Growing Up on Different Sides of the World

Easton, MD                                                       source:

       Easton, Maryland- a small town located on the Eastern shore with an estimated population of 17,000 people. A town where there is an urgent drug crisis that is swept under the rug, and where poverty is merely looked away from. Amongst this population are farmers, waterman, stock investors, lawyers, and doctors. The diverse careers presented in this town are a representation of the lack of integration between classes, races, and religions. The main religion here is Christianity and Catholicism, and you never see churches or temples for anything other than those two. Growing up in this affluent town, I was on the outskirts due to being raised by my lower to middle class grandparents and living in the countryside. While the white-collar families tend to live on the water, the blue collar and low-income families tend to live in town or in the rural area. Growing up I was never really aware of how disconnected this community really is until I learned about life in Morocco.

      Morocco is a country located in North Africa, left of Algeria. It has a population of around 37 million and is a result of multiple cultures coming together as one, such as “Arab, Amazigh, Andalusian, African, Hebraic, and Mediterranean”.[1] While it is now predominantly Muslim, every aspect of life here is influenced by some culture from the past and present. For example, Moroccan cuisine, is a blend of European and Arab spices such as parsley, turmeric, cumin, and mint. Not only that, but there are two predominant languages here: Arab and Beber, but the people of Morocca have even created their own dialect of Arab. Community is important here and this is illustrated through the arts, such as music like the Arabian chaabi and the Berber reggada.

      Despite growing up in a town that is extremely wealthy while my family is not, I have had the privilege of never really having to worry about where my next meal is coming from, or if we will power the next day. This is because Maryland has great welfare programs and very generous Medicaid. Furthermore, the GDP per capita in Maryland is still around 64,000 a year according to 2019 data.[2] An explanation for this is the fact that Washington D.C is in Maryland, where many government and state workers reside. On the other hand, Morocco may be one of the more developed regions in Africa but the GDP per capita is still very low compared to this, with it being around 3,695 dollars as of 2022.[3] Morocco has privatized some of their businesses since the 90s, but it is still an export-based economy for minerals and agriculture.[4] The drought in this region prevents Morocco from being as productive as they could be, while drought in Maryland is not an issue. The North African country also has a large amount of external debt, high unemployment rates, and high rates of informal jobs which do not factor into GDP. Going back to the health factor, Morocco’s infant mortality rates are high -something Maryland does not struggle with due to the government’s healthcare system.

Marrakesh, Morocco
source: National Geographic

   If I were to grow up in Morocco, I would have had a totally different experience than I did, such as having to worry about things that I didn’t necessarily have to ever worry about in Maryland. On the other hand, it is likely that I would have been exposed to many more cultures at a young age which is something that I wish I had.

[1] “Culture of Morocco.” Wikipedia, the Free Encyclopedia. Last modified September 7, 2023.
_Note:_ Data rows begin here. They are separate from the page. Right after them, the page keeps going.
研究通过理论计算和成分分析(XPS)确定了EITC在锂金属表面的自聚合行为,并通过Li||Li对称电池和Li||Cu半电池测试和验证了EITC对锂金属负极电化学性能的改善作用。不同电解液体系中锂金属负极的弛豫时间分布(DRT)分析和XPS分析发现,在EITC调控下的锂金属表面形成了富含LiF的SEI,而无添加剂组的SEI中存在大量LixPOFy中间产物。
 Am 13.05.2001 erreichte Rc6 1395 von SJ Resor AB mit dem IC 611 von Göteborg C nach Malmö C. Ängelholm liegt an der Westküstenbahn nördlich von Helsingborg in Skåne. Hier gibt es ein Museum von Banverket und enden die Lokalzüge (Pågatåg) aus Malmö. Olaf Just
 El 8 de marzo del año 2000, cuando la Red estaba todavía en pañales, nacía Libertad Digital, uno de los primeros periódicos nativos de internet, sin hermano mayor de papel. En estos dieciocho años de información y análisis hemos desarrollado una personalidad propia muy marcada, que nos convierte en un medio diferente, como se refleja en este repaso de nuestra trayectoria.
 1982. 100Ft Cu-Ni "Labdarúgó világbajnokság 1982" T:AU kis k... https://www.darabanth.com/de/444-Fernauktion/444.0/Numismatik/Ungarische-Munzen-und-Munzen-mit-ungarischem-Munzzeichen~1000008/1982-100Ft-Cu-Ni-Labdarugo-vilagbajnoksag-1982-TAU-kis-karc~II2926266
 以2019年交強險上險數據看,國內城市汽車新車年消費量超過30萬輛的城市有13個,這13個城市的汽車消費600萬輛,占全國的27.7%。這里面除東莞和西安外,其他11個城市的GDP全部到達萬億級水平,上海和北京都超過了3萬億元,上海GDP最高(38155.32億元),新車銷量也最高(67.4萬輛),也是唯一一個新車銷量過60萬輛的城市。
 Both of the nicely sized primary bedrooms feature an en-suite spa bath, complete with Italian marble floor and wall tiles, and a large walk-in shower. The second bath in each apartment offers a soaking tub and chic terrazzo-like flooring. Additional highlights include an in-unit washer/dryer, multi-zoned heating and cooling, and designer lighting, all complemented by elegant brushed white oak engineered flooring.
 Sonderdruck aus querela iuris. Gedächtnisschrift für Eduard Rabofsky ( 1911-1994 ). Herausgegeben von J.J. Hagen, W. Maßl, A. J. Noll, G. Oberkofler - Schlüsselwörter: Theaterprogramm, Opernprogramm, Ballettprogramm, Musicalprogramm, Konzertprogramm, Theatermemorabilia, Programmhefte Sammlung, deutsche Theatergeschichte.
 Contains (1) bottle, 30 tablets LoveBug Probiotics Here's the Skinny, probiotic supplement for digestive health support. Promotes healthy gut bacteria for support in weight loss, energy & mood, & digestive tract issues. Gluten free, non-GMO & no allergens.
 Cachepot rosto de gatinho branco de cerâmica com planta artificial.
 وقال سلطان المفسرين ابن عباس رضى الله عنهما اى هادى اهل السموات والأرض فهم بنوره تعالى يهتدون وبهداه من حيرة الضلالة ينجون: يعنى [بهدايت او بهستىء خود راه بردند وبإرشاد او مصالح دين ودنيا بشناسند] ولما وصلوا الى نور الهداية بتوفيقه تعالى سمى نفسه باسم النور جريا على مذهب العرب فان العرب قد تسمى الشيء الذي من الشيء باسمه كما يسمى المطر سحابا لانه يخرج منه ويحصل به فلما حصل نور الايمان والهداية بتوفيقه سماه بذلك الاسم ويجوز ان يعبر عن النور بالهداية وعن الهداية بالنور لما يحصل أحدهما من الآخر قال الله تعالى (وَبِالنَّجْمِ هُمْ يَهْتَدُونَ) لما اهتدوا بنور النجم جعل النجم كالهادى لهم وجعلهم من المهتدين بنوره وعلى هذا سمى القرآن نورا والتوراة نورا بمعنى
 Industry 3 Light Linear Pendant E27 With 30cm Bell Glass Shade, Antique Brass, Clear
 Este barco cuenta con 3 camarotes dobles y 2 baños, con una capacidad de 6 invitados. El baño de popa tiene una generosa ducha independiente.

[2] “GDP Per Capita Data for Maryland – Gross Domestic Product on the Open Data Network.” Open Data Network. Accessed September 14, 2023.
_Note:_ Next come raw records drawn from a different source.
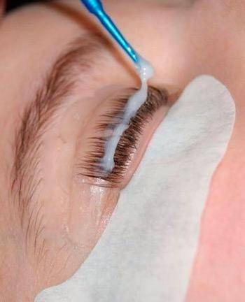 Наносится средство Sculpturing Lotion, которое раскроет кутикулу волосинок, подготовив их к принятию следующих составов. Кисточкой аккуратно и тщательно обрабатывается каждая ресничка. Излишки состава удаляются сухой салфеткой.
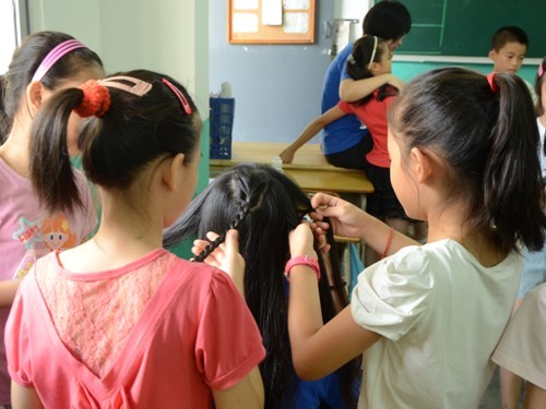 女孩子们热衷于为喜爱的老师编辫子
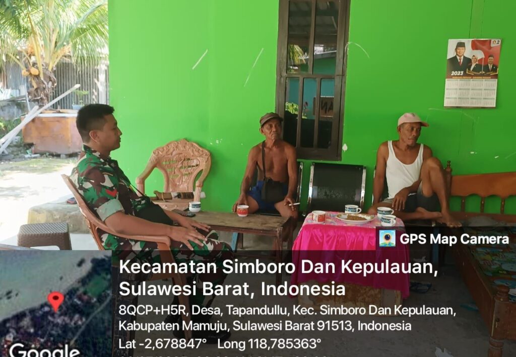 Mamuju, Potretrakyat.com; – Dalam rangka memperkuat tugas pembinaan teritorial, Babinsa Koramil 1418-01/Mamuju, Koptu Ahmad, melaksanakan kegiatan Pengumpulan Data Teritorial (Puldata Ter) di wilayah Kecamatan Simboro dan Kepulauan, Kabupaten Mamuju, Kamis (3/7/2025).
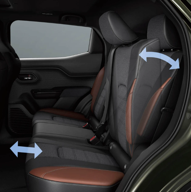 Ryglænet kan desuden foldes i tre dele (40-20-40), hvilket giver fleksibelt bagagerum og gør det muligt at transportere lange genstande som ski, samtidig med at to passagerer kan sidde bagi.
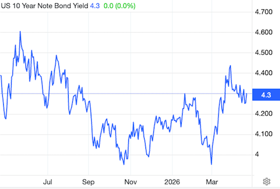 Gold has an inverse relationship with US Treasury yields. As yields rise, gold normally falls, as interest-bearing assets become more attractive compared to gold, which offers neither interest nor a dividend.

[3] “Morocco Vs United States: Economy Facts and Stats.” Global Industry Market Sizing – NationMaster. Accessed September 14, 2023.

[4] “Country Comparison Morocco Vs United States 2023.” Accessed September 14, 2023.






3 responses to “Growing Up on Different Sides of the World”

  1. Noah Boyd Avatar
    Noah Boyd

    I like how you point out how different it would be growing up in Morocco and you would have been introduced to different cultures. It is interesting how your town in Maryland does not have the exposure that a country like Morocco has, but with it being a smaller town the lack of exposure does make sense.

  2. Ed Webb Avatar
    Ed Webb

    I think it’s important to recognize that there are many kinds of riches. While materially most Moroccans are much less well off than most Marylanders, they do benefit from the cultural richness you discuss here. If you get a chance to sample Moroccan cuisine, I recommend it very much. There are a few places not far from Carlisle where you can find it!

  3. clarkei Avatar

    This comparison between your town and Morocco is really interesting. It is really interesting how few privatized companies there are in Morocco. I wonder how this affects government power and dynamics with the population since industry is mostly controlled by the government.